TASK TO COMPLETE: Transcribe the entries below exactly; leave every image out.

ENTRIES PROVIDED:
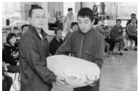
モチ米を贈る筒会長(左)

これは、同クラブが地域貢献活動の一環として行ったものです。モチ米の贈呈を受けた双葉作業所は、「モチつきに使わせていただきます。大変ありがたいです」と感謝していました。
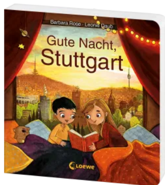
Gute Nacht, Stuttgart Hardcover
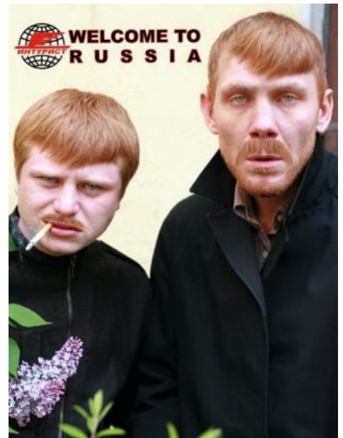
In Soviet Russia, the ginger stab you!
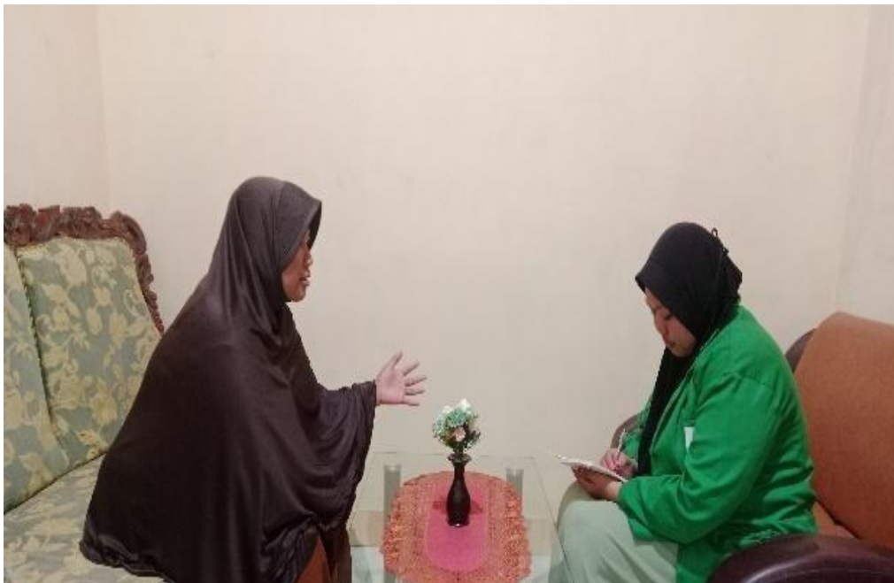
Gambar 2. 2 Pengguna Jasa

YOUR RESPONSE:
モチ米を贈る筒会長(左)

これは、同クラブが地域貢献活動の一環として行ったものです。モチ米の贈呈を受けた双葉作業所は、「モチつきに使わせていただきます。大変ありがたいです」と感謝していました。
Gute Nacht, Stuttgart Hardcover
In Soviet Russia, the ginger stab you!
Gambar 2. 2 Pengguna Jasa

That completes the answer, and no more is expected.